* SUPPLIED INFORMATION:
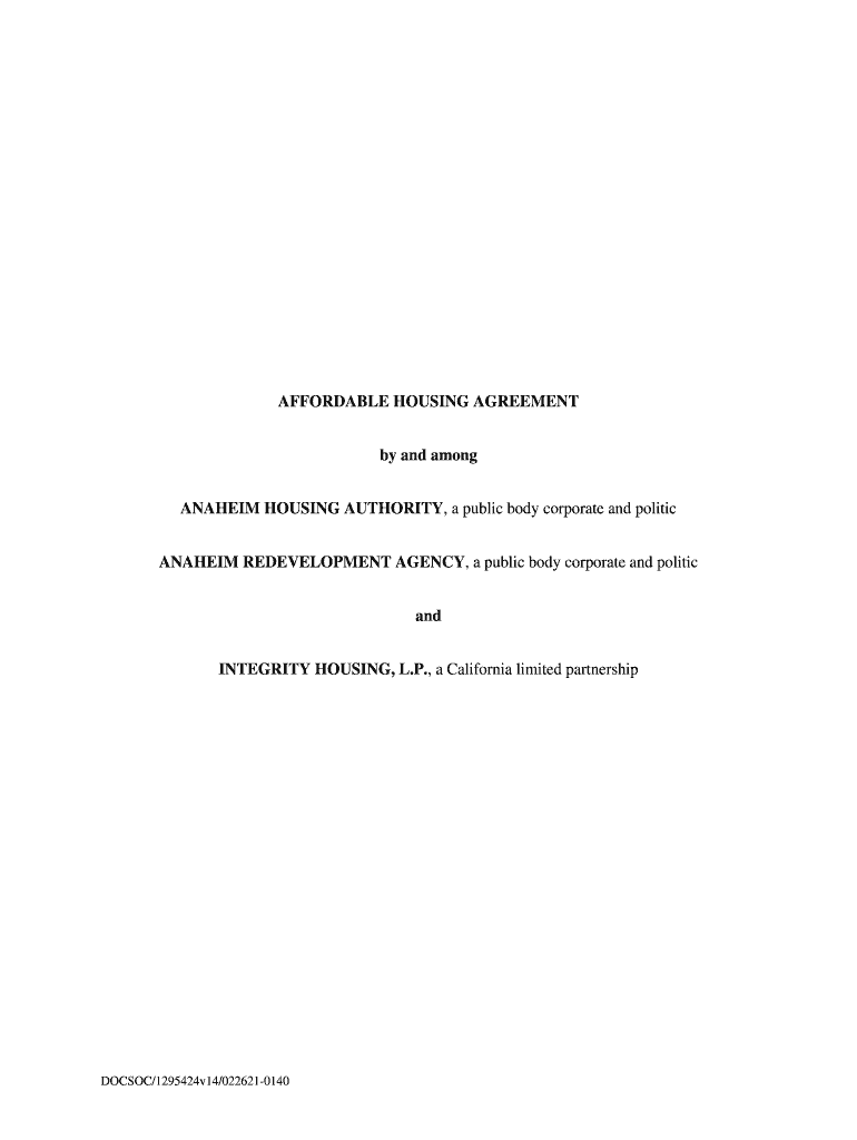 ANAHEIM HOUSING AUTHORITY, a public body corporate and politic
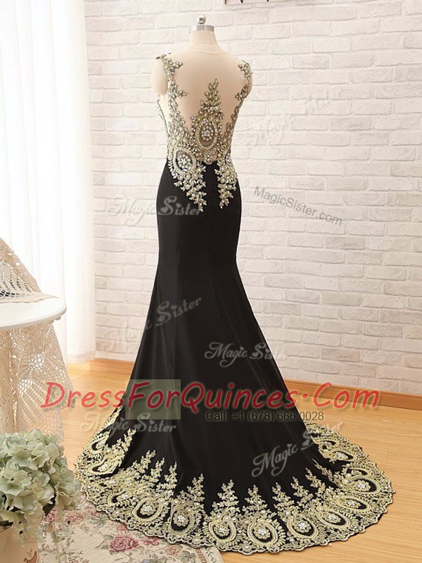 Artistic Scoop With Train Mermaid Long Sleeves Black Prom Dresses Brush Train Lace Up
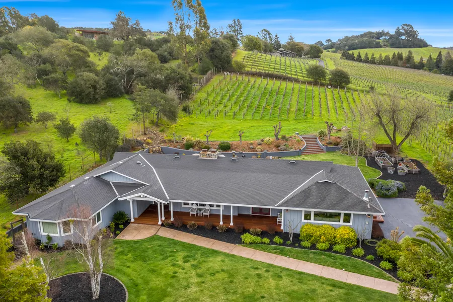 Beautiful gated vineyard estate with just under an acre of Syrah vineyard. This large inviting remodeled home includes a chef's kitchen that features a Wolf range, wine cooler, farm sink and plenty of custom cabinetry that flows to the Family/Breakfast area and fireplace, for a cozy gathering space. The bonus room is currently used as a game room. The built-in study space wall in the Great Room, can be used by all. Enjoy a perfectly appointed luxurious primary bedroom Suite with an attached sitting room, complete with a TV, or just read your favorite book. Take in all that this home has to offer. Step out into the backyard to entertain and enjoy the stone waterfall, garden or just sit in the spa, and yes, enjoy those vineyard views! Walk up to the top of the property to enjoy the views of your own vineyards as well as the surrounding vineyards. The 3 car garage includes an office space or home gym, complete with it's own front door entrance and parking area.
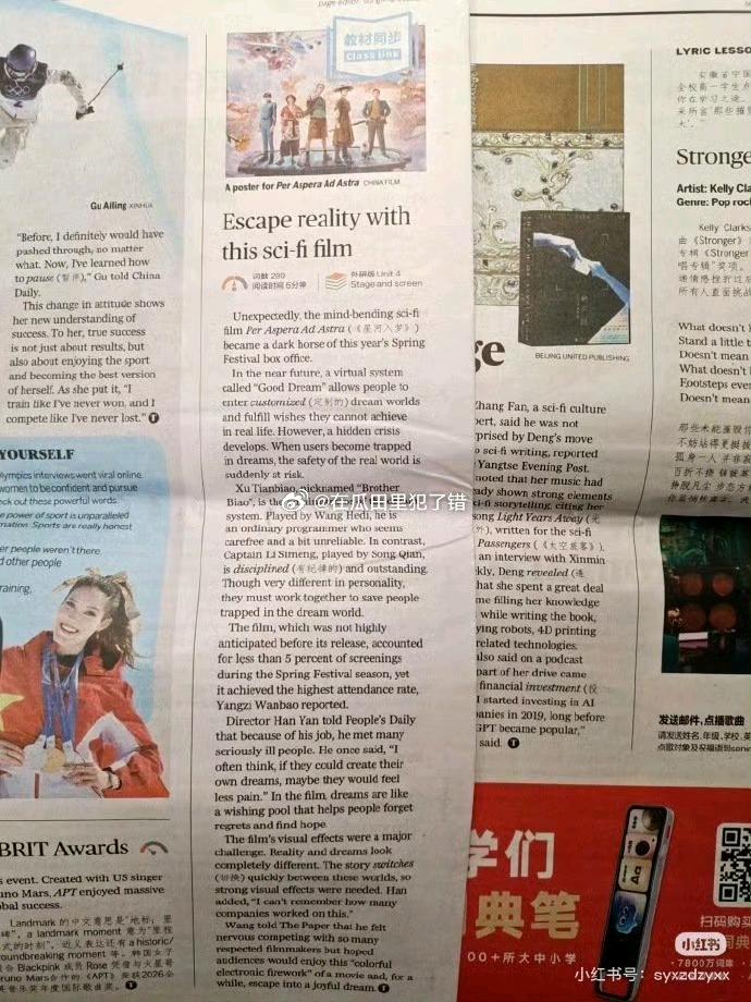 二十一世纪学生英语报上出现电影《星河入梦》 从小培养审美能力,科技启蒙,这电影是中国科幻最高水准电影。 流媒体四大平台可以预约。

* TASK TO CARRY OUT: Nothing but the lines from the beginning of the material through the line with "Artistic Scoop With" should appear, printed exactly, with no pictures among them.

* SOLUTION TO THE EXERCISE:
 ANAHEIM HOUSING AUTHORITY, a public body corporate and politic
 Artistic Scoop With Train Mermaid Long Sleeves Black Prom Dresses Brush Train Lace Up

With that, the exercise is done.